# List of World Record Videos



## pjk (Sep 18, 2019)

This thread is a list of up-to-date world record videos so you can browse more easily. Notice anything that needs to be updated? Or find a better, higher-quality video? Reply to this thread so we can keep it updated.

Last Updated: December 7th, 2022. by @ProStar 

*3x3x3 Cube*

Single - 3.47 seconds - Yusheng Du
Average - 4.86 seconds - currently tied between Max Park and Tymon Kolasinski.
*2x2x2 Cube*

Single - 0.47 seconds - Guano Wang
Average - 1.02 seconds - Zayn Khanani
*4x4x4 Cube*

Single - 16.79 seconds - Max Park
Average 19.88 seconds - Max Park
*5x5x5 Cube*

Single - 33.02 seconds - Max Park
Average - 38.42 seconds - Max Park
*6x6x6 Cube*

Single - 59.74 seconds - Max Park
Mean - 1:08.56 - Max Park (no video)
*7x7x7 Cube*

Single - 1:35.68 - Max Park
Mean - 1:42.12 - Max Park
*3x3x3 Blindfolded*

Single - 14.51 seconds - Tommy Cherry
Mean - 15.24 seconds - Tommy Cherry
*3x3 Fewest Moves (No Videos)*

Single - 16 Moves - Sebastiano Tronto (Reconstruction Video here)
Mean - 21.00 Moves - Cale Schoon (Reconstruction Video here)
*3x3 One-Handed*

Single - 6.20 seconds - Max Park
Average - 8.65 seconds - Patrick Ponce
*3x3 With Feet (R.I.P may God be with you forever)*

Single - 15.56 seconds - Mohammed Aiman Koli
Average - 20.58 seconds - Lim Hung (No Video)
*Rubik's Clock*

Single - 2.87 seconds - Yunhao Lou
Average - 3.56 seconds - Jacob Chambers
*Megaminx*

Single - 25.24 seconds - Juan Pablo Huanqui
Average - 28.56 seconds - Leandro Martín López
*Pyraminx*

Single - 0.91 seconds - Dominik Górny
Average - 1.66 seconds - Jasper Murray
*Skewb*

Single - 0.81 seconds - Zayn Khanani
Average - 1.56 seconds - Zayn Khanani
*Square-1*

Single - 4.33 seconds - Elijah Rain Phelps
Average - 5.02 seconds - Max Siauw
*4x4x4 Blindfolded*

Single - 57.87 - Stanley Chapel
Mean - 1:08.76 - Stanley Chapel
*5x5x5 Blindfolded*

Single - 2:21.62 - Stanley Chapel
Average - 2:27.63 - Stanley Chapel
*3x3x3 Multi-Blind*

62/65 57:47 - Grahm Siggins


----------



## Cubingcubecuber (Sep 18, 2019)

pjk said:


> This thread is a list of up-to-date world record videos so you can browse more easily.

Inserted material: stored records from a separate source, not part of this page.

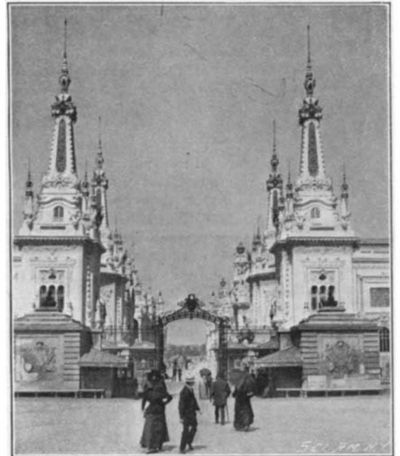
Buildings on the Esplanade des Invalides.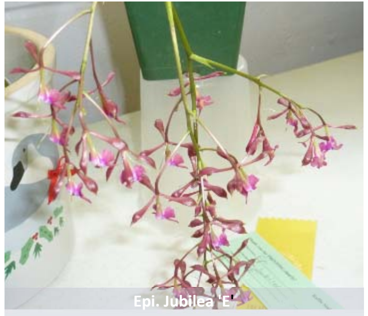
Epi. Jubilea 'E'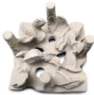
Reef Tile Unit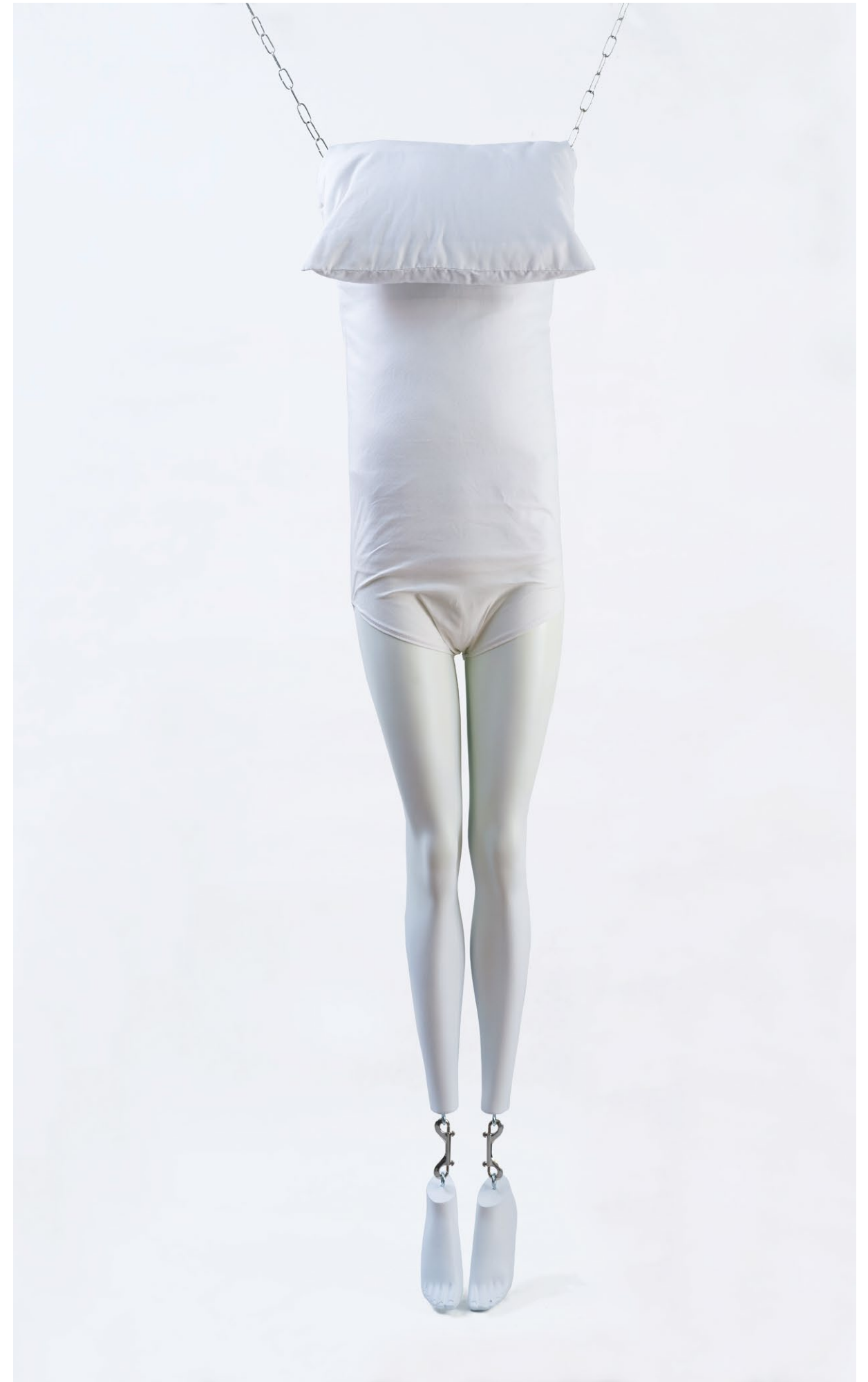
Mood II 2019 Fiberglass mannequin, canvas cloth, polyster fiber fill & PU foam 48 x 97 x 39 cm cm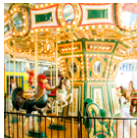
Exhibit Tip: A caregiver may stand with a child for free.

A longstanding museum favorite, the Carousel allows guests to be whisked away on a whimsical ride. Tickets are $2 per child and are available for purchase at the Front Desk. Adults stand for free.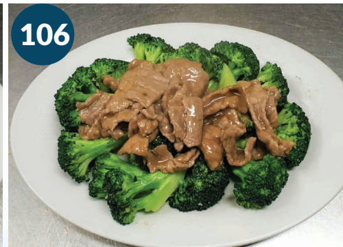
Beef & Broccoli 牛肉百加利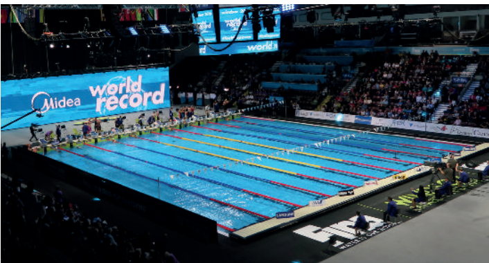
Windsor, Canada 2016 FINA WORLD SWIMMING CHAMPIONSHIPS (25m)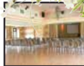
The Coney Suite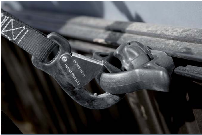
1 STANDARD DECK RAIL SYSTEM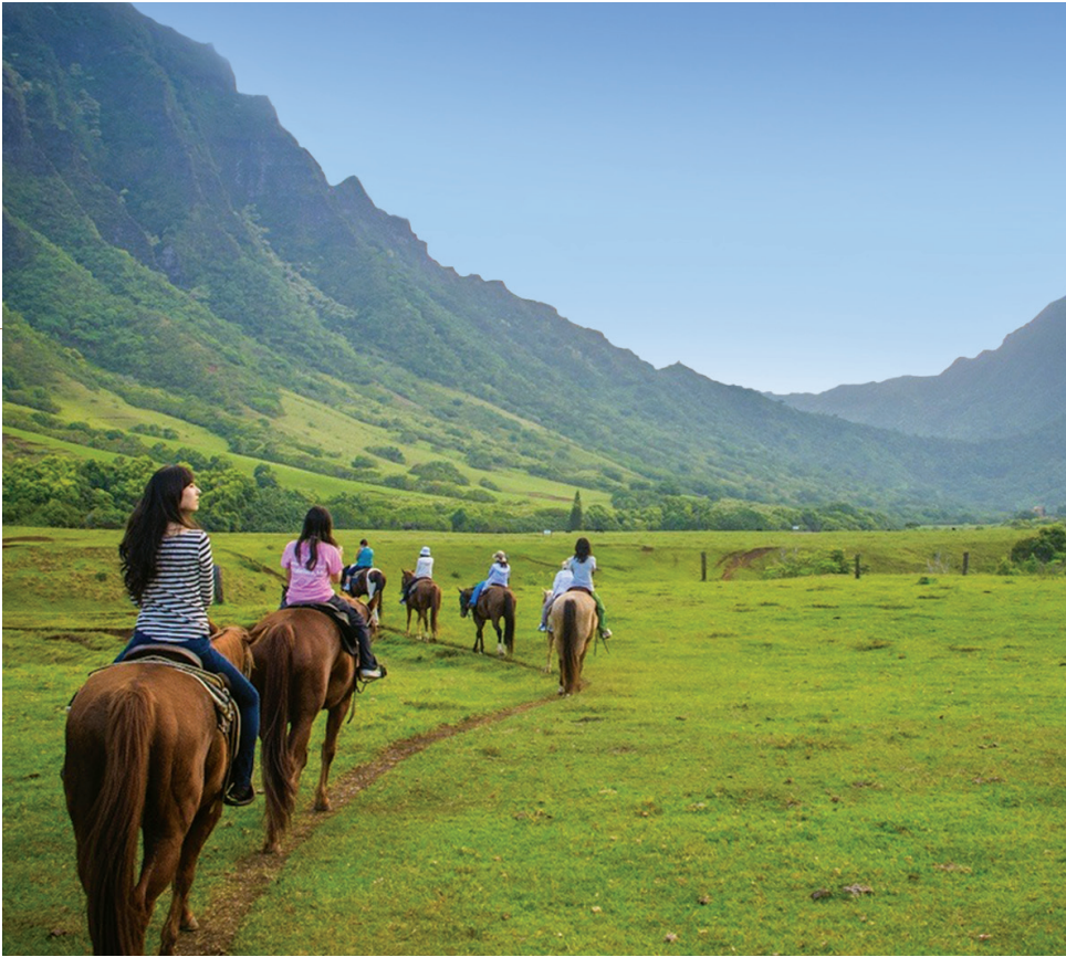
▲ See the spectacular scenery of “Jurassic Valley” on horseback in Kualoa Ranch.

Established in 1850, Kualoa Ranch Private Nature Reserve is owned and managed by eighth generation descendants. Their mission is to enrich people’s lives by preserving the sacred lands and celebrating its history. Their vision is to be a role model as stewards of these amazing 4,000 acres.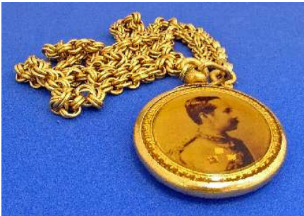
BEST GOLD – IRVING SMITH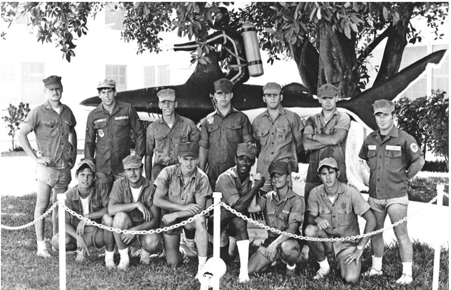
UWSS Class June 1973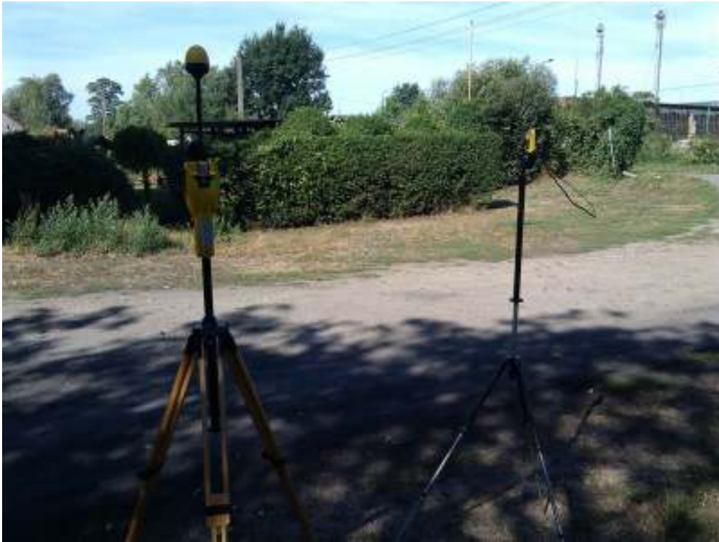
Fot. 3. Rejon badań, widok w kierunku zachodnim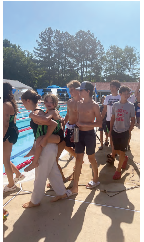
The 2022 Herndon Swim League swimmers at the July 23 Opening Ceremony of the Herndon Olympics.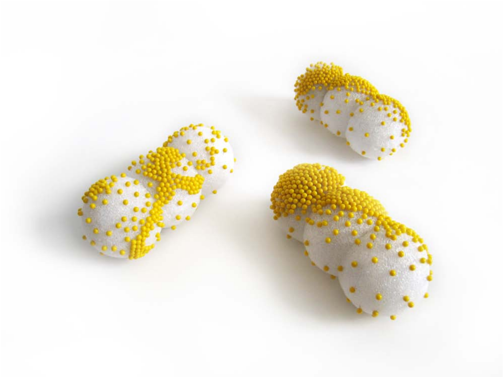
proteiform_2010_6 x 3.5x3.5 inches_yellow pins and styrofoam balls.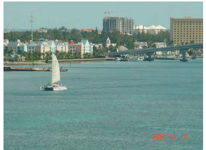
Nassau, Bahama Islands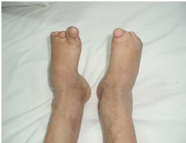
Figure 2. Asymmetric transverse limb reduction defect.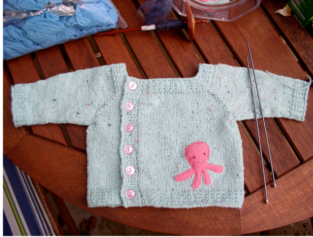
0 - 3 M size shown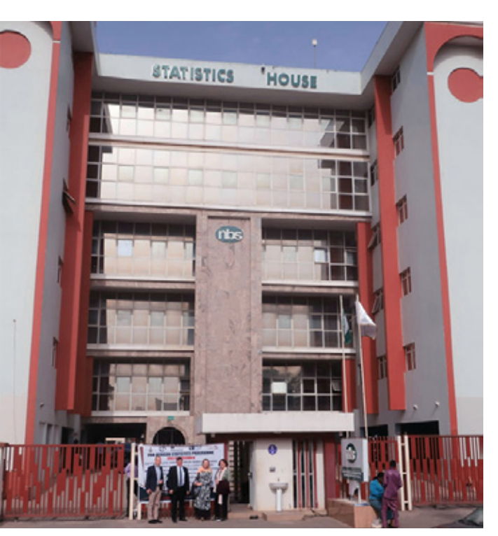
In the workshop held at Statistics House in Abuja in February 2024 valuable insights for future improvements were gained with regard to approaches in collecting administrative statistics data as well as leveraging technology like big data and web scraping.

The training workshop in February 2024 focused on harnessing administrative data, experimental statistics and effective data ecosystems. Presentations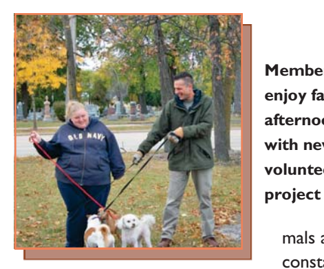
We are all aware of the power animals can bring to our

ered it a big success, and have stated to staff that they feel a calmness come over them when they are around the dogs.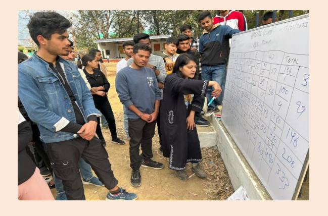
'Rejuvenation" an Activity Based Learning of Leadership Traits, Team Building and Self Develop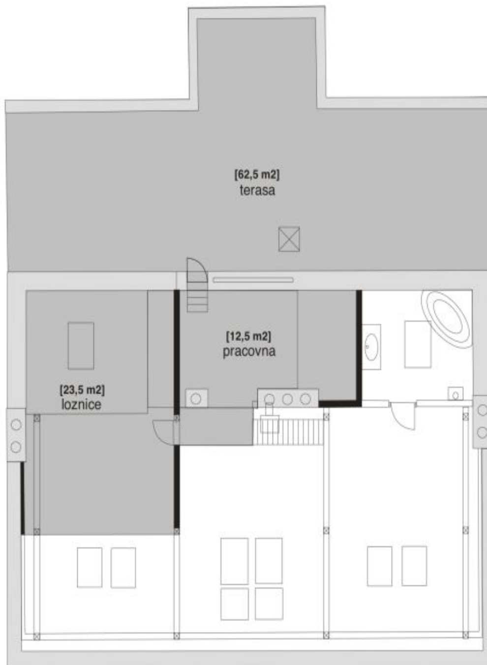
patro s terasou

Notice anything that needs to be updated? Or find a better, higher quality video? Reply to this thread so we can keep it updated.
> Last Updated: Sept. 18, 2019
> 
> *3x3x3 Cube*
> ...


Megaminx average


----------



## porkynator (Sep 18, 2019)

Nice idea @pjk !

For FMC: of course there is no video of the official attempt itself, but I did film myself explaining the solutions  the video is on the same post that you linked, or you can link youtube directly: link.


----------



## Liam Wadek (Sep 19, 2019)

Andrew Huang 0.93 has a video of some sort, some guy is standing in the way but it's still something.


----------



## Competition Cuber (Sep 21, 2019)

This is a really good idea.


----------



## pjk (Sep 24, 2019)

Cubingcubecuber said:


> Megaminx average


Updated, thanks. 



porkynator said:


> Nice idea @pjk !
> 
> For FMC: of course there is no video of the official attempt itself, but I did film myself explaining the solutions  the video is on the same post that you linked, or you can link youtube directly: link.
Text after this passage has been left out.